EXERCISE AIM => Transcribe the listing word for word. Begin at its first line and end with the line containing "تبحث عن مكتب".
---*---
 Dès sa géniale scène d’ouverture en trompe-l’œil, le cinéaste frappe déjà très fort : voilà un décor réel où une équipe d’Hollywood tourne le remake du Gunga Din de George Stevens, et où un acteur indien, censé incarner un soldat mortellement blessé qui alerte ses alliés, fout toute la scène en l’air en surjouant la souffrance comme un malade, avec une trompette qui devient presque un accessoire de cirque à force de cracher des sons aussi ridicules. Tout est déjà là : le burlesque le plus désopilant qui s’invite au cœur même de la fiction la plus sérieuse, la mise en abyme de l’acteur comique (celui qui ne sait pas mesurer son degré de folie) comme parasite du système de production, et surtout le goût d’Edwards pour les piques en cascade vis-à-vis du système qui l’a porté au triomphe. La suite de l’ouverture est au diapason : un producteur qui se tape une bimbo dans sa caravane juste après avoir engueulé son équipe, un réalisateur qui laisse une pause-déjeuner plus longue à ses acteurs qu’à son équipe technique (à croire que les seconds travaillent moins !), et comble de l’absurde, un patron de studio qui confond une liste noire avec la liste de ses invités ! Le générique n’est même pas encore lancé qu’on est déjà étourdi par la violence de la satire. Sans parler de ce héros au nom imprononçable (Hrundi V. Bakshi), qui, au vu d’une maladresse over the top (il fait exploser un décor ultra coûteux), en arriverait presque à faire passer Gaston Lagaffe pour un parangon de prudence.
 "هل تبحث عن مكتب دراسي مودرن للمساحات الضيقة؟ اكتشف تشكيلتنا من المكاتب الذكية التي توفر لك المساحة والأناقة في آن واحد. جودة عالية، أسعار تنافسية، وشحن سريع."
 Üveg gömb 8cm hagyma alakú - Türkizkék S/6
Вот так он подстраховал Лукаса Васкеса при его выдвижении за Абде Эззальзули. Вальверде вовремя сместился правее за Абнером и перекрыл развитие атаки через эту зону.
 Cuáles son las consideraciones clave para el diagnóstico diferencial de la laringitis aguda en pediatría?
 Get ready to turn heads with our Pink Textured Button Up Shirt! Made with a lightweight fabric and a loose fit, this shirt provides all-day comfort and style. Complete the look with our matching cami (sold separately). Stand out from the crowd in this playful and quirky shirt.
---*---
SOLUTION TO THE EXERCISE =>
 Dès sa géniale scène d’ouverture en trompe-l’œil, le cinéaste frappe déjà très fort : voilà un décor réel où une équipe d’Hollywood tourne le remake du Gunga Din de George Stevens, et où un acteur indien, censé incarner un soldat mortellement blessé qui alerte ses alliés, fout toute la scène en l’air en surjouant la souffrance comme un malade, avec une trompette qui devient presque un accessoire de cirque à force de cracher des sons aussi ridicules. Tout est déjà là : le burlesque le plus désopilant qui s’invite au cœur même de la fiction la plus sérieuse, la mise en abyme de l’acteur comique (celui qui ne sait pas mesurer son degré de folie) comme parasite du système de production, et surtout le goût d’Edwards pour les piques en cascade vis-à-vis du système qui l’a porté au triomphe. La suite de l’ouverture est au diapason : un producteur qui se tape une bimbo dans sa caravane juste après avoir engueulé son équipe, un réalisateur qui laisse une pause-déjeuner plus longue à ses acteurs qu’à son équipe technique (à croire que les seconds travaillent moins !), et comble de l’absurde, un patron de studio qui confond une liste noire avec la liste de ses invités ! Le générique n’est même pas encore lancé qu’on est déjà étourdi par la violence de la satire. Sans parler de ce héros au nom imprononçable (Hrundi V. Bakshi), qui, au vu d’une maladresse over the top (il fait exploser un décor ultra coûteux), en arriverait presque à faire passer Gaston Lagaffe pour un parangon de prudence.
 "هل تبحث عن مكتب دراسي مودرن للمساحات الضيقة؟ اكتشف تشكيلتنا من المكاتب الذكية التي توفر لك المساحة والأناقة في آن واحد. جودة عالية، أسعار تنافسية، وشحن سريع."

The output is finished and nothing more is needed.